╔══

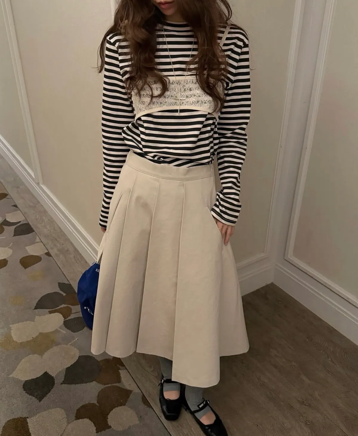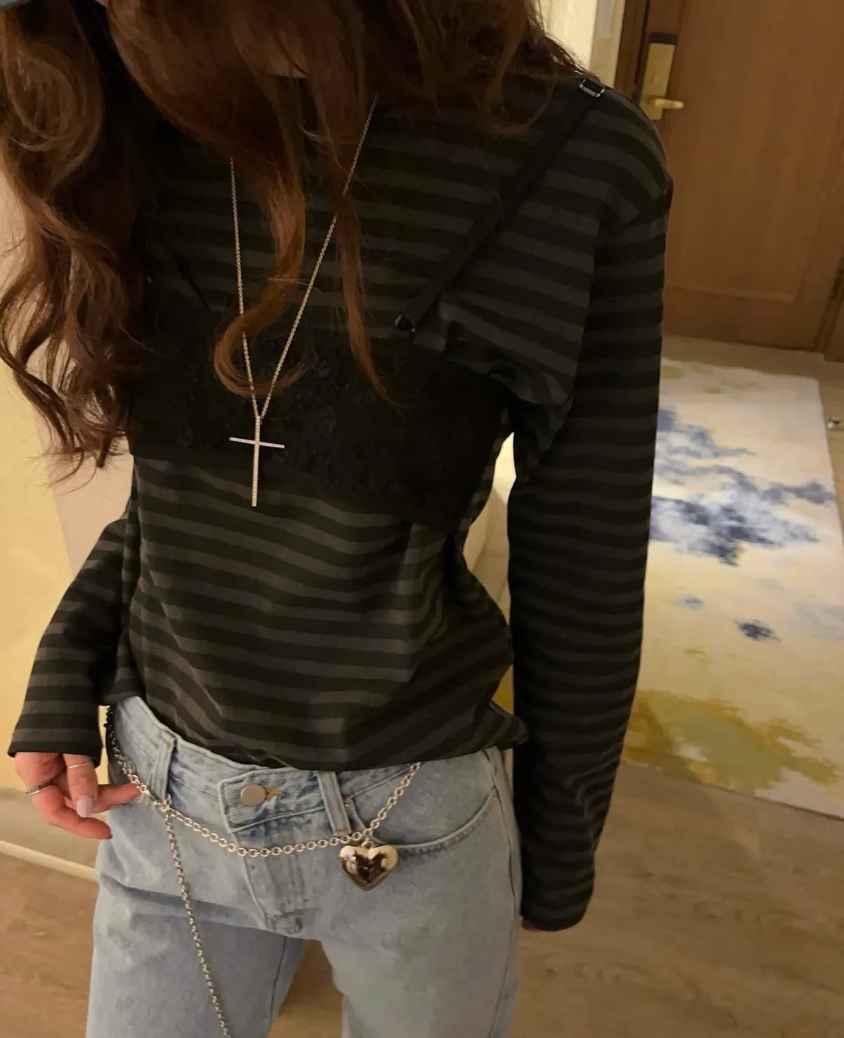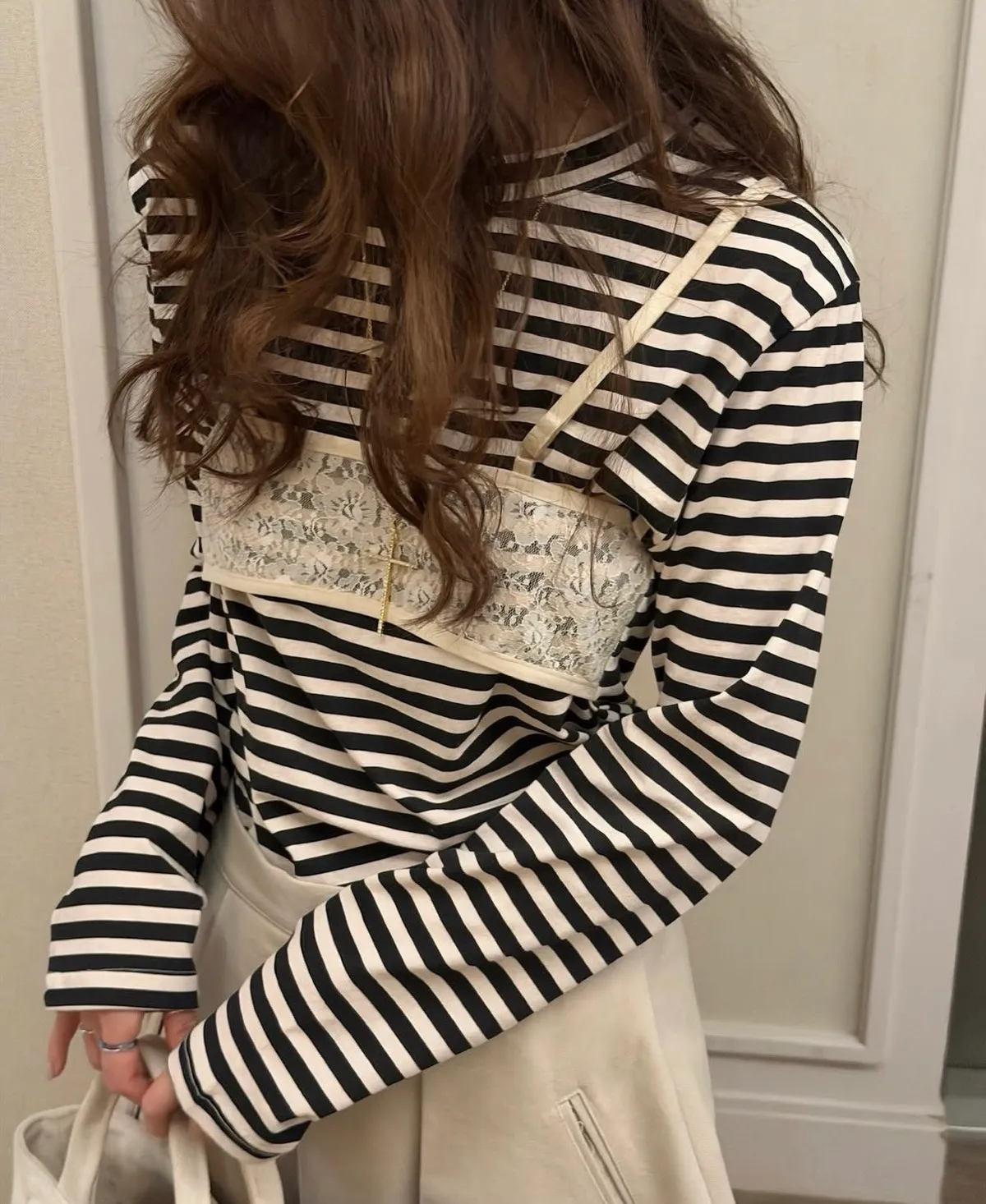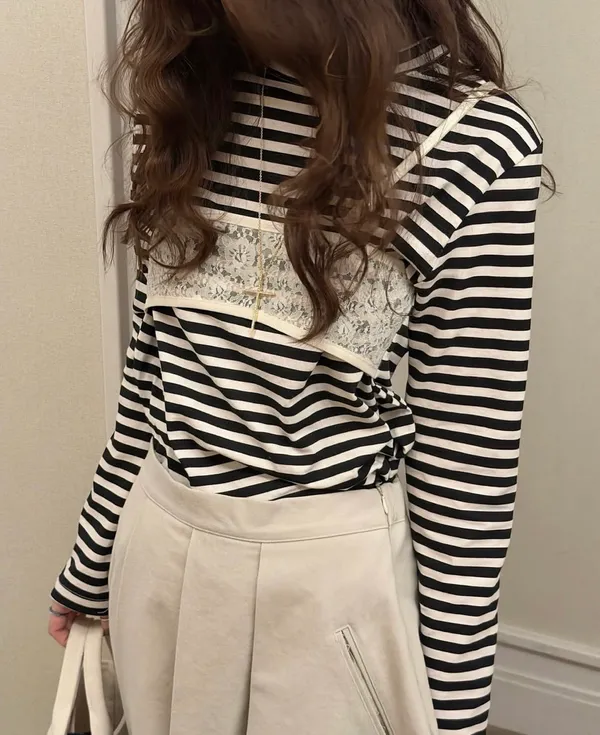 26DJ08 假兩蕾絲背心條紋長T 2色
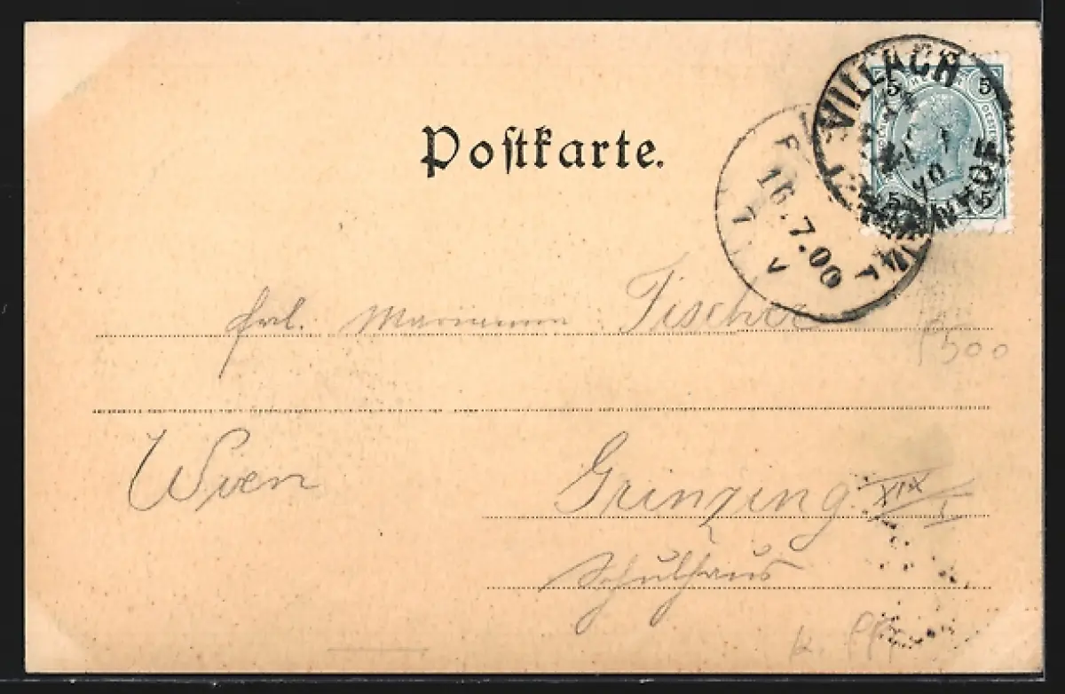 alte Ansichtskarte, gelaufen 1900, Stempelspur, guter Zustand
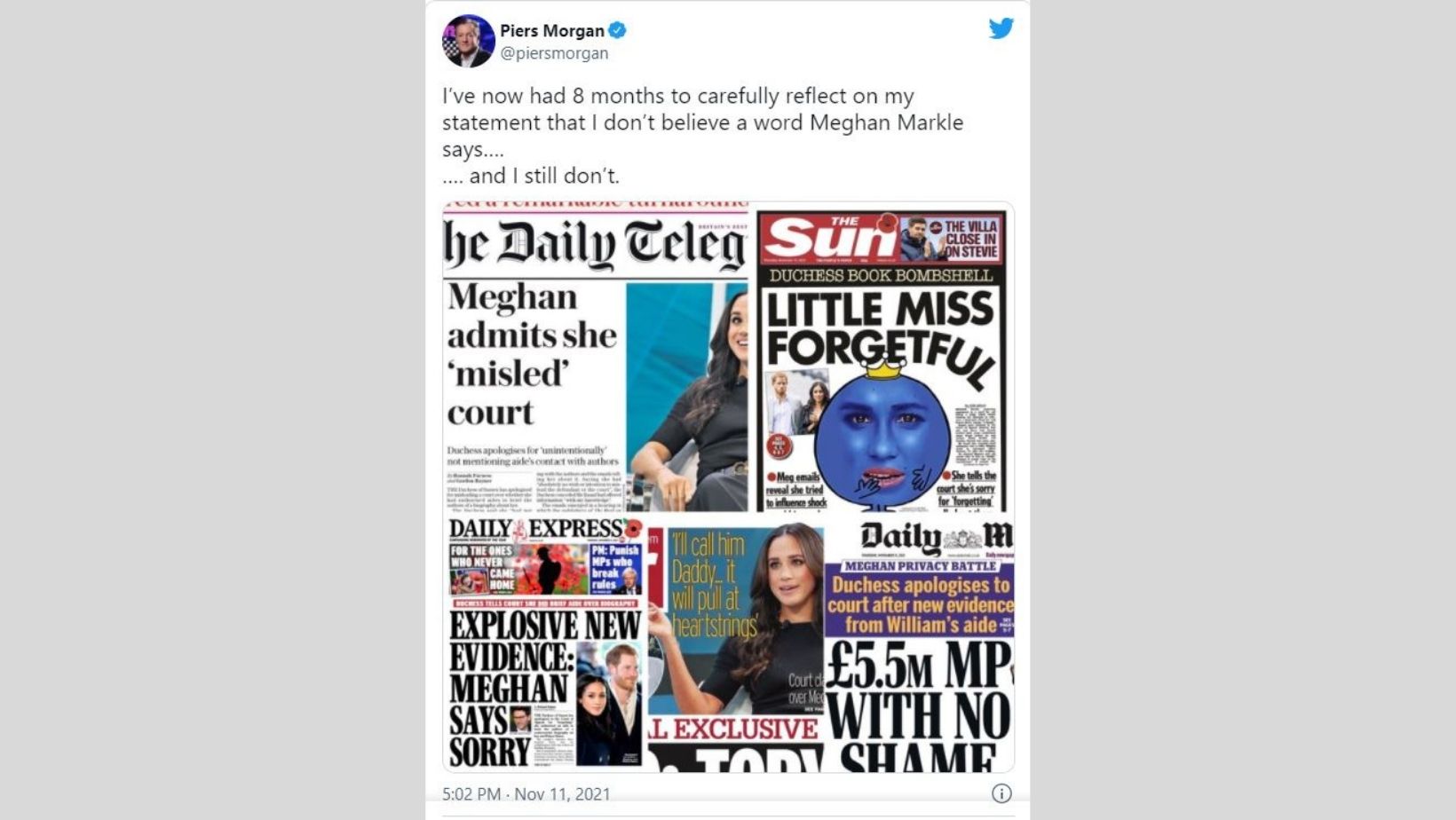 Piers Morgan, 56, has taken to Twitter to insist that he “still” doesn’t believe what Meghan Markle says. The presenter shared several newspaper clippings from today addressing reports that Meghan has now apologized for “misleading” the courts.

╚══

Problem to solve:
Drop the images, then copy the data exactly.

Response to this exercise:
 26DJ08 假兩蕾絲背心條紋長T 2色
 alte Ansichtskarte, gelaufen 1900, Stempelspur, guter Zustand
 Piers Morgan, 56, has taken to Twitter to insist that he “still” doesn’t believe what Meghan Markle says. The presenter shared several newspaper clippings from today addressing reports that Meghan has now apologized for “misleading” the courts.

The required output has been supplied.